God's Perspective
「珍しいねえ。他人嫌いのアイツが他者と接触を図るとは!」
「猟兵……っつったか。エーリッヒとエーミールが連れてきた奴ら」
「なるほどね……確かにそいつらなら『裏切り者』を通ることはないか!」
からからと笑う白衣の男。
彼はモニターを前に何かを見ているようだが、何を見ているかはわからない。
ただ、猟兵達の動きは彼に筒抜けのようだ。燦斗とエーミールのことも知っている様子。
「しかし、あの人はもう気づいてるのかね。誰が『裏切り者』なのか」
「せっかく《預言者《プロフェータ》》があるんだから、そこまで見ればいいのにな」
少しずつ、自分の考えをまとめていく白衣の男。
コントラ・ソール《預言者《プロフェータ》》。
その力で未来を読めることさえも知ってるようだが、あることに気づく。
それは「『裏切り者』を何故断定出来ないのか」という点。
これまでに未来を見た人物は全て確定の未来を見てきたのに、何故今回は見ることが出来ないのか。

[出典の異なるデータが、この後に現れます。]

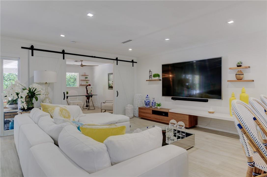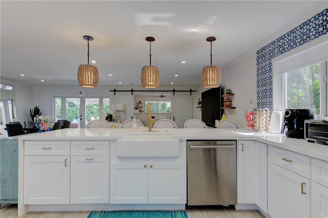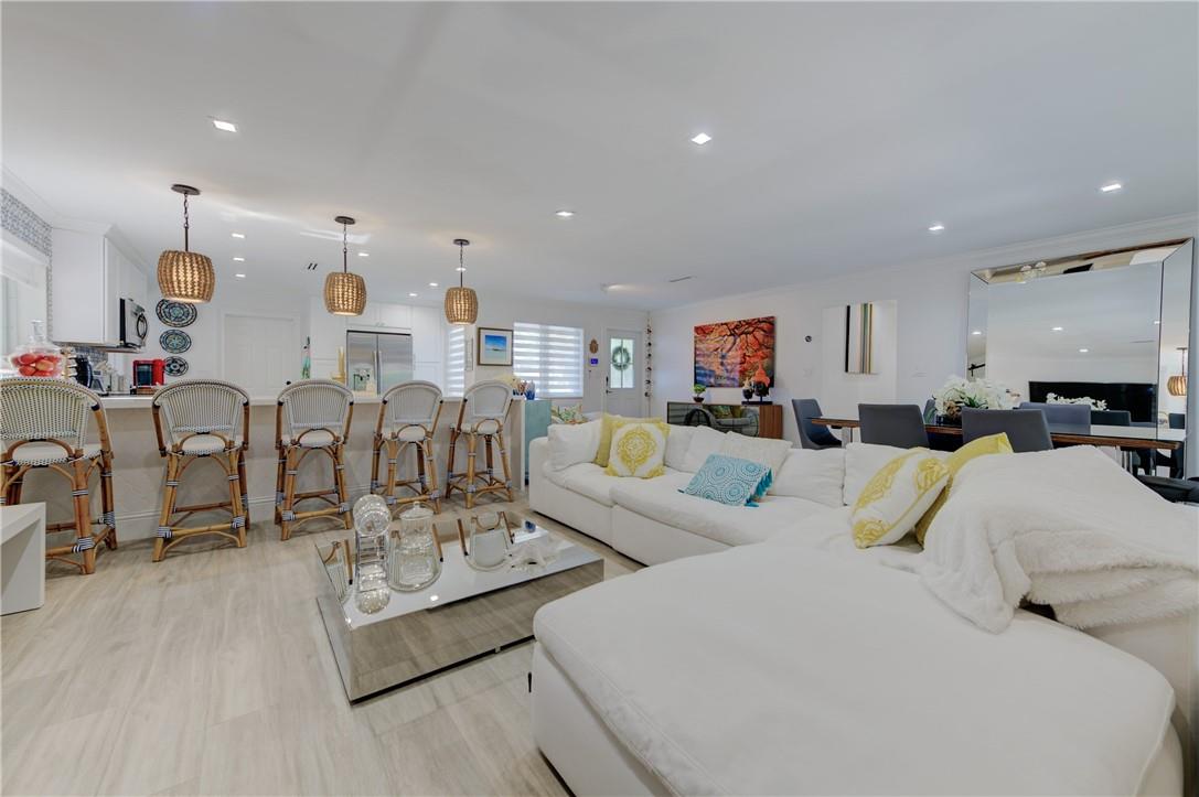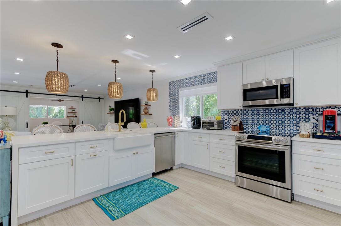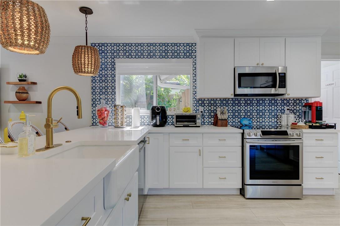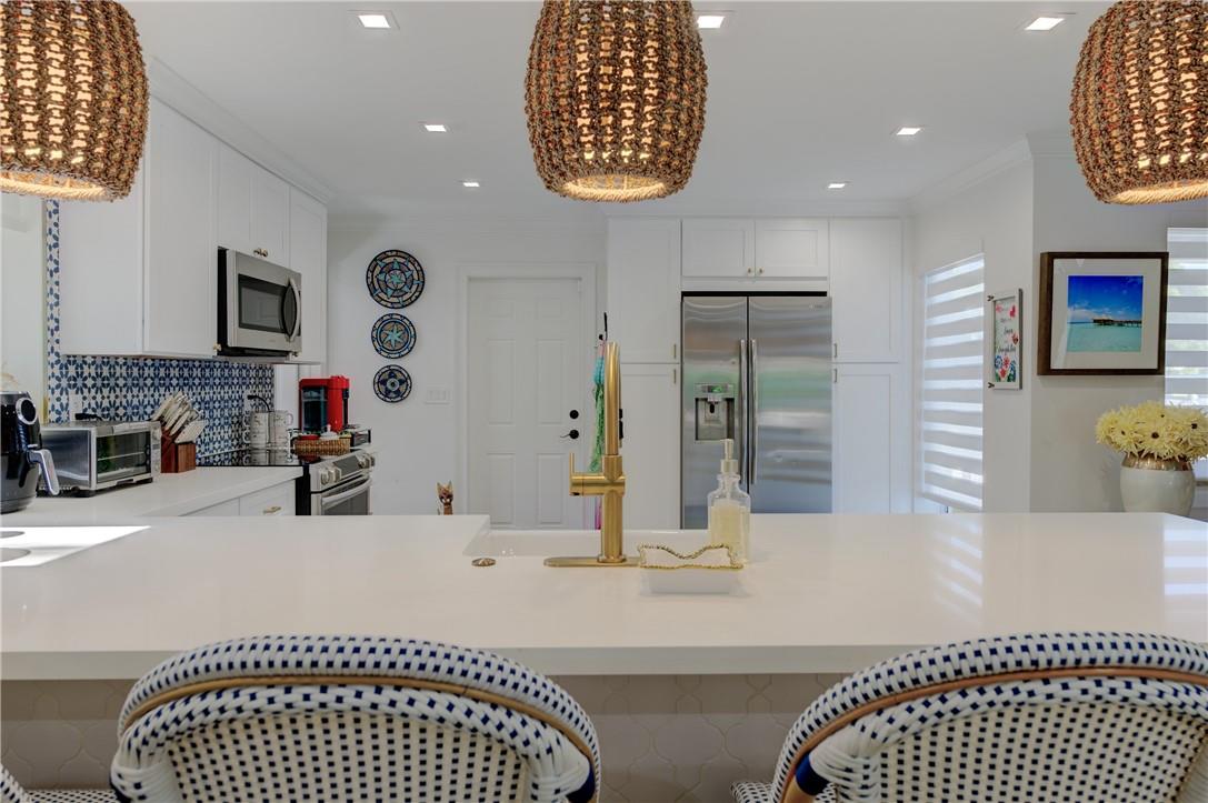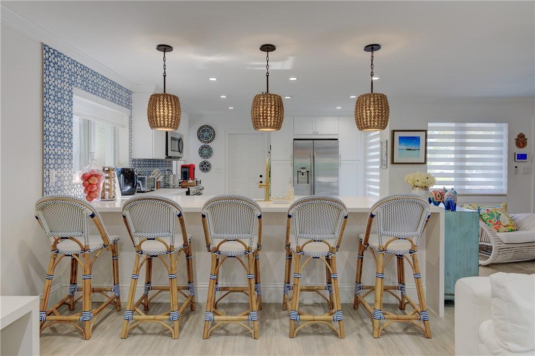 PRICE REDUCED!!!Beautifully renovated Home, this stunning single-family home boasts a bohemian modern style with porcelain tile throughout. Featuring 3 bedrooms, 2 baths, and a versatile DEN, the open kitchen is perfect for entertaining. Hurricane-proof doors and windows, Brand New A/C in 2024, plus a whole-house water filtration system, add peace of mind. Step outside to a private backyard oasis with a heated saltwater pool (new pump 2024), a serene fountain, and a spacious BBQ area. The one-car garage and expansive driveway provide ample parking. Nestled in a charming neighborhood with an excellent elementary school, this home offers the perfect blend of style, comfort, and convenience.

猟兵という存在が出てきたから見ることができなくなったのか?
それとも何かの要因が引っかかって断定が出来ないのか?
ありとあらゆる推論を立てて、何かに気づいた男は小さく呟く。
「……『これから作られるから』?」
「いや、それは……あり得るのか。アイツが俺の手紙を読んだ後の干渉って時点で……」
彼の言う『アイツ』とは、誰なのかははっきりとはわからない。
けれど確かなことは、彼と繋がりがあるということだけ。
「そうなると……この俺でさえも、物語の製作者ってことか」
ニヤリと笑みを浮かべた白衣の男。
自分自身が何なのかを頭の中で想像した上で、答えを導く。
『これから作られる物語』。
もしそれが本当だとすれば、白衣の男の役割は……。
「……もう少し、眺めてみるとしようか」
「アマベルとレティシエルが猟兵《おもちゃ》の存在に気づく前に……」
何かに気づいた男は再びモニターに向き直り、何かを見る。
そのモニターに映し出されているのは、先程まで猟兵達が立っていたマリネロの港。
そして、ライトブルーの髪を持つ男の姿だった。
これは、猟兵達の秘密の物語。
記録と記憶に残るだけの、小さな物語。